Preface to Pulsar: Why Seagate Needs This

To say that the SSD revolution caught the HDD makers off guard would be an understatement. With the exception of Samsung, none of the players in the HDD business have an even remotely competitive SSD.

Sitting this one out isn’t an option. In the enterprise market, a handful of SSDs can easily outperform dozens of 15,000 RPM hard drives. And when I say outperform, I mean by an order of magnitude.

It’s not just about performance, there’s a tremendous power advantage as well. The best SSDs use less than 3W per drive under full load. The fastest 15K RPM SAS drives gobble up a good 7W per drive. In a datacenter with thousands of servers, the power savings alone are enough to make the switch.
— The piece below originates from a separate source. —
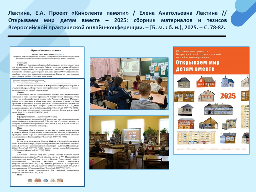 - Лактина, Е.А. Проект «Кинолента памяти» / Елена Анатольевна Лактина // Открываем мир детям вместе – 2025: сборник материалов и тезисов Всероссийской практической онлайн-конференции. – [Б. м. : б. и.], 2025. – С. 78-82. (Скачать)

I use servers as my first example because the cost isn’t as touchy of a subject there, but the advantages in desktop and notebook PCs are more than tangible. Again, the key words are order of magnitude: SSDs are worth their weight in gold if performance matters to you.


The Fresh Test, Why You Absolutely Need an SSD - The SSD Relapse

Two years ago the argument was that the technology wasn’t mature enough. Intel changed all of that with the X25-M and X25-E. Even today companies like OCZ are using Indilinx’s Barefoot controller to compete everywhere from mainstream PCs to high end servers.

PCIe cards based on SSD controllers with tons of NAND flash are the next frontier for the technology. Why deal with the current SATA bottlenecks when you can push close to a Gigabyte per second of data over some PCIe lanes?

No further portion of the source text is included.